The first time I ever made the drive up toward Lake Wohlford to look at the property with my mother, it was a bright sunny day, and the place immediately intrigued me. The sparkling blue water of the lake and small bit of sand stretching out in front of the Lake Wohlford Café felt incredibly inviting. It had always been my dad who brought the family to places like this, the one thought young kids should do things like hike Mt. Whitney, California’s tallest peak. He would like it here, I thought to myself. Yet that rustic appeal could turn on a dime. My neighbor, who’d grown up here, swore he had seen a black panther that had escaped from the San Diego Wild Animal Park, just three miles away. I never bothered to check for myself whether the story was actually true. I wanted to like it here. But I couldn’t shake my wariness. Going running in the evening, I sometimes had the sense that something was about to jump out at me. I’d notice myself running faster and faster, as the light faded.

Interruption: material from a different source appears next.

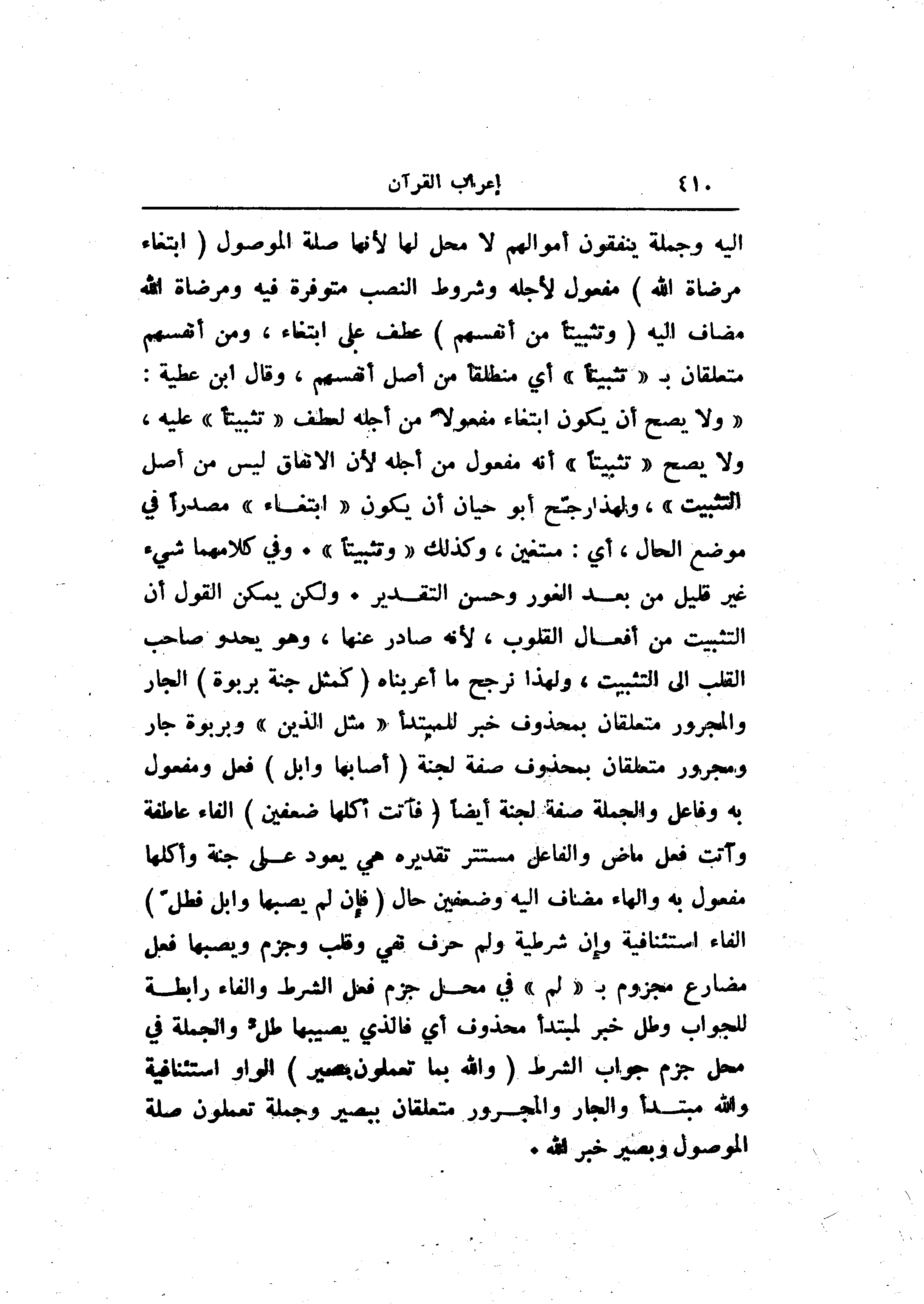 «ولا يصح أن يكون ابتغاء مفعولا من أجله لعطف «تثبيتا» عليه، ولا يصح «تثبيتا» أنه مفعول من أجله لأن الانفاق ليس من أصل التثبيت» ، ولهذا رجّح أبو حيان أن يكون «ابتغاء» مصدرا في موضع الحال، أي: متغين، وكذلك «وتثبيتا» . وفي كلامهما شيء غير قليل من بعد الغور وحسن التقدير. ولكن يمكن القول أن التثبيت من أفعال القلوب، لأنه صادر عنها، وهو يحدو صاحب القلب الى التثبيت، ولهذا نرجح ما أعربناه (كَمَثَلِ جَنَّةٍ بِرَبْوَةٍ) الجار والمجرور متعلقان بمحذوف خبر للمبتدأ «مثل الذين» وبربوة جار ومجرور متعلقان بمحذوف صفة لجنة (أَصابَها وابِلٌ) فعل ومفعول به وفاعل والجملة صفة لجنة أيضا (فَآتَتْ أُكُلَها ضِعْفَيْنِ) الفاء عاطفة وآتت فعل ماض والفاعل مستتر تقديره هي يعود على جنة وأكلها مفعول به والهاء مضاف اليه وضعفين حال (فَإِنْ لَمْ يُصِبْها وابِلٌ فَطَلٌّ) الفاء استئنافية وإن شرطية ولم حرف نفي وقلب وجزم ويصبها فعل مضارع مجزوم ب «لم» في محل جزم فعل الشرط والفاء رابطة للجواب وطل خبر لمبتدأ محذوف أي فالذي يصيبها طلّ والجملة في محل جزم جواب الشرط (وَاللَّهُ بِما تَعْمَلُونَ بَصِيرٌ) الواو استئنافية والله مبتدأ والجار والمجرور متعلقان ببصير وجملة تعملون صلة الموصول وبصير خبر الله.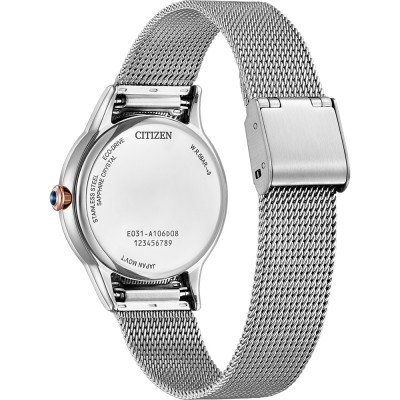 Este relógio Citizen tem uma caixa de Inox com um diâmetro de 32 mm e está equipado com uma bracelete de Inox. A caixa possui um movimento Citizen e o relógio tem um vidro Safira.

Turning down the bumpy driveway to our house now, the fog was so thick I couldn’t see the horses in the pens on either side, or much in front of me, for that matter. The mist seemed to envelop the oak branches stretching out over the house like a canopy. The house was actually built on top of an old brick barn foundation with narrow arched stalls. Even before moving there, my mother and I had fantasized about a house built on top of a barn, envisioning a walkway over the stalls with trap doors to drop feed down to the horses. If we had mares foaling, we wouldn’t even have to go outside to check on them! And they’d be warm, because the insulation from the house would keep the barn warm, too. How economical, we thought. Hell, we could save money, and feed the horses in our pajamas.